In my constant endeavor to live more graciously, haste is my undoing. I am often whirling through life on extended credit from the time bank, and it shows — especially in my gift wrapping.
During the holidays — when available time shrinks and gifts multiply — this failing is particularly obvious.
I start well. I wrap presents as I buy them in paper and ribbon that coordinate with my tree's colors — lately teal and bronze. I take my time. I make a nice tag, signed with a color-coordinated pen in my best penmanship. I top it off with a glittery angel or sparkly ornament.
However, as the season wears on, my wrap jobs degenerate. They go from looking respectable, to passable, to the dog did it. Soon I'm dashing (at times through the snow) to an all-night superstore for cheap snowman paper and a bag of sticky bows. When those supplies dwindle, and I'm out of paper, ribbon, tape or all three, I improvise.
It is the North Pole opposite of gracious.
“The presentation is what speaks to people,” Nicholas Kniel, owner of Nicholas Kniel Fine Ribbons & Embellishments, of Atlanta, is telling me over the phone when I call to get a gift wrap pep talk.
“The gift wrap is what everyone notices first. It should get as much thought as the gift. But it's often the last thing people think about,” said Kniel, who opened his uber-chic gift wrap store in 2000 after studying fashion design.
Besides stocking unusual ribbons, feathers, buttons, embellishments and other wrapping materials, his store has evolved to offer custom gift-wrapping, and gift-wrapping classes. For those who can't make class, here are some ways Kniel says we can upgrade our presentations:
•Get your stuff together. Have a dedicated wrapping box or tray to keep all supplies together, “so when you go to wrap, you don't go to four rooms,” Kniel said.
•Choose a signature color scheme. Pick a gift-wrap palette that works year round, not just during the holidays. Pick two colors you like that go with your home decor, say ivory and crimson, or teal and black. Then add a metallic. Stock up on solid-colored paper and ribbon in all those colors, and you'll be set for Christmas, birthdays or weddings.
•Coordinate your wrapping to go with your tree.
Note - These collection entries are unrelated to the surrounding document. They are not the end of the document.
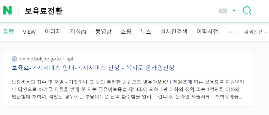 1. 포탈사이트에 보육료전환 검색
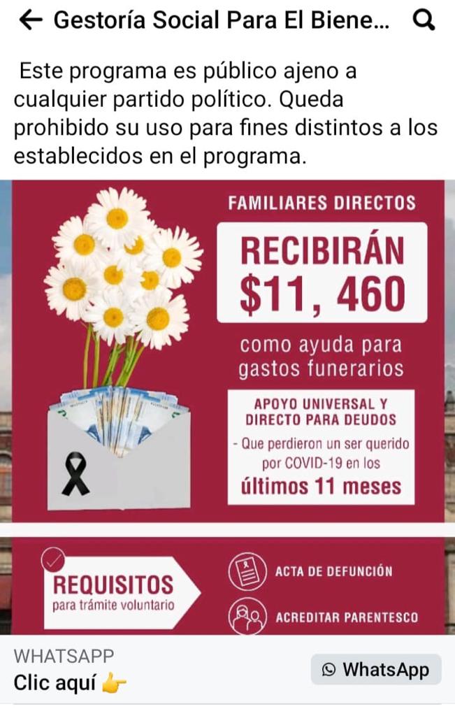 En el mensaje se asegura que familiares directos de las víctimas del COVID, recibirán 11 mil 460 pesos de gastos funerarios.
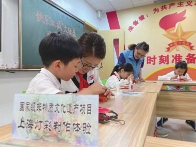 10月12日,“请党放心 强国有我”上海少先队庆祝建队72周年主题活动在黄浦区五里桥街道社区文化中心举行。活动中,发布了“15分钟幸福圈”活动菜单,51个中小学和社区被授予“少先队幸福教育实验校和实验社区”牌,中福会少年宫等3家校外活动场所成立了大队委员会,14家区级校外少工委被授牌,标志着助力少先队员“双减”后幸福童年的上海少先队幸福教育正式启动。 记者 曹莹 摄影报道 校外建队:夯实少先队幸福教育组织基础 日前,共青团中央等13部门联合印发《关于构建新时代少先队社会化工作体系的实施意见》,文件明确要加强青少年宫等校外活动场所少先队组织建设。 经过前期酝酿推动,在建队节上,市少工委为中福会少年宫、市青少年活动中心等14家区级校外少工委授牌。建队范围覆盖市区两级青少年宫、学生活动中心、青少年活动中心等。 其实,市少工委在校外建队的探索早已展开。5月30日,少先队上海小荧星艺术团大队委员会就已成立,这也是上海成立的首个校外少年儿童艺术团体少先队组织。大队推出的小荧星“空中10分钟队会”栏目通过不同的党史学习主题,以自主性的问题探索为方式,带领全市少先队员探索革命故事,学习革命精神,传承红色基因。 活动菜单:少先队幸福教育进社区 记者在市少工委面向社区发布的“15分钟幸福圈”活动菜单上看到,菜单包括了“红领巾巡讲团”示范活动、“百年百章”红领巾红色研学导览、学校共青团助力“双减”少先队活动、雏鹰杯“国学达人”诗人之路系列讲座和小荧星“空中10分钟队会”等五类,涉及党史教育、传统文化等内容。据悉,市少工委将活动以“点单”的方式送进社区,让“15分钟幸福圈”活起来,让社区内的队员们动起来,多维度丰富队员们“双减”后的幸福生活。 幸福转盘:队员轮流做队长、家长志愿辅导 五里桥街道社区文化活动中心2楼有一间充满少先队元素的队室,10月12日放学后,瞿溪路小学8名少先队员在这里参与“上海灯彩”为特色的非遗传承主题活动,聆听彩灯故事,体验制作彩灯。康德学校的少先队员则在1楼小花园的Wuli自治小农场忙开了,在听了校外辅导员教导如何种植后,他们播种起卷心菜种子。少儿绘画创作区里,师专附小的少先队员 画起了“五里十景”,了解景点背后的红色历史故事。趣味体育运动区有个小型篮球场,一场花式篮球开打了。 康德学校九年级王安婕第一次尝试亲自种植,真真实实地感受到了“锄禾日当午,汗滴禾下土”的艰辛;而邬雨晗则表示,这番农场劳作,给自己繁忙的学习生活,带来了放松和休闲。 “双减”后,这个社区文化中心俨然成为少先队员填补课余生活的欢乐场,而维护秩序、提供帮助的志愿者辅导员大多是队员家长。这也是市少工委向全市推广幸福“双减”大转盘模式的一种形式。 校社联动:少先队幸福教育形成合力 建队节上,市少工委启动了上海市少先队幸福教育实验计划,该计划分为实验校和实验社区,旨在全市范围推动校社联动,用幸福教育架起学校和社区的桥梁。 如一师附小和曹家渡街道合作,依托街道丰富的教育资源,鼓励队员在社区中跨中队,跨年级,在小区楼宇内成立混龄中小队;复兴东路第三小学则通过幸福科技课程、幸福科技活动以及幸福科技场馆,分阶段开展少先队幸福教育,开发家庭、学校和社区三维争章体系;华师大闵行永德实验小学组建爸妈红领巾巡讲团,充分发挥家长的主观能动性,助力“双减”后的课余生活;另有长青学校、东门中学等学校,通过开展“打卡家乡红色地标”等活动,引导队员走出校门、走进社区,了解家乡新变化。 市少工委主任、市少先队总辅导员赵国强表示,要创新首发活动,形成一队一品,发挥头雁效应,丰富少先队员“双减”后的课余生活,推动少先队幸福教育在全市范围内蓬勃发展。
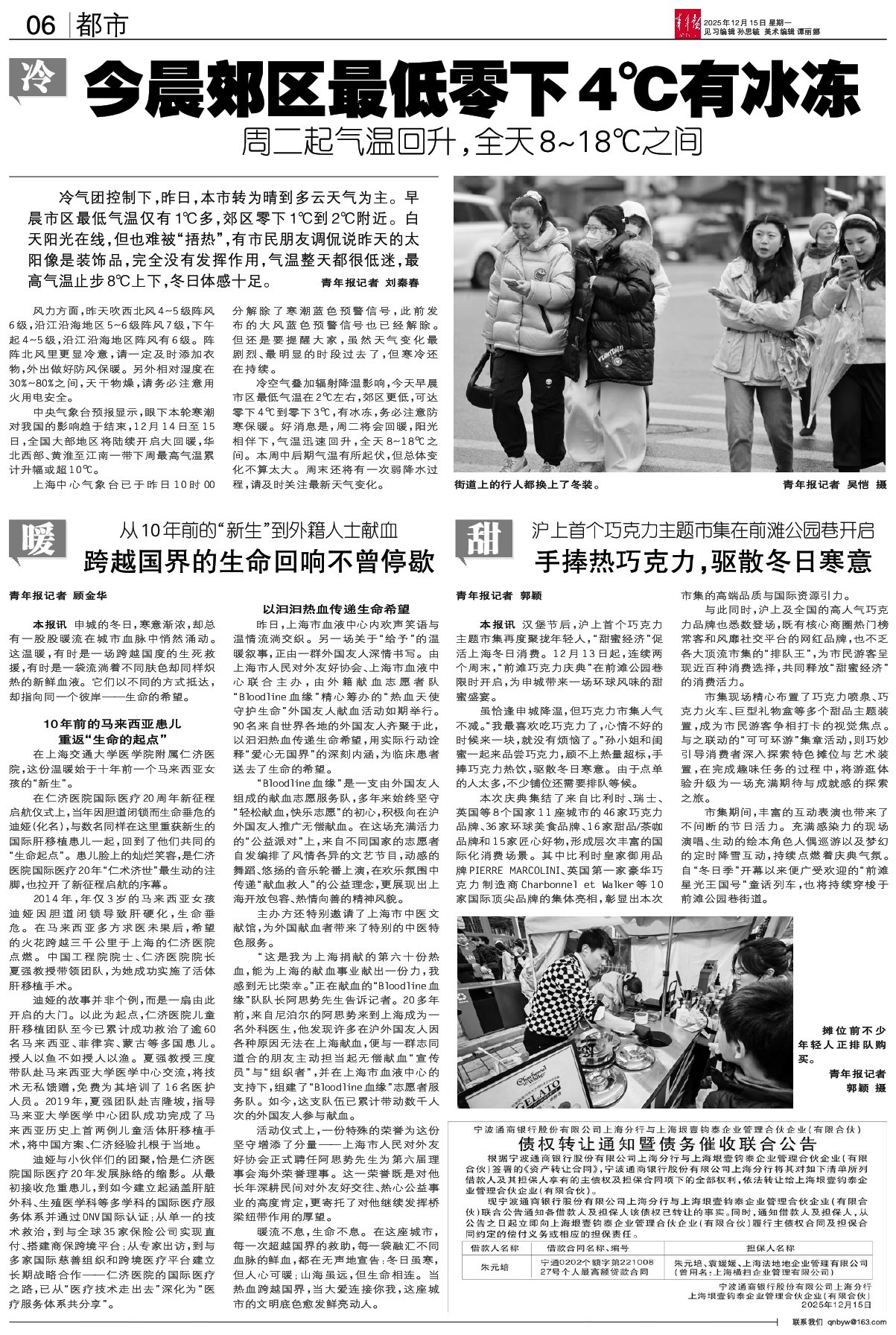 - 跨越国界的生命回响不曾停歇 青年报记者 顾金华 本报讯 申城的冬日,寒意渐浓,却总有一股股暖流在城市血脉中悄然涌动。这温暖,有时是一场跨越国度的生死救援,有时是一袋流淌着不同肤色却同样炽热的新鲜血液。它们以不

And coordinate your tree to go in your home. Don't feel obliged to use red and green, especially if your home is purple and orange, said Kniel. Use orange wrapping with purple bows.
•Make your own gift tags. Use the scrap ends of gift wrap. Affix the gift wrap to plain card stock using spray adhesive. Make a hole with a tag punch, thread ribbon through and you have a coordinating tag that looks chic. Hint: Do your tags before you need them, so they're handy when you're wrapping in the heat of moment.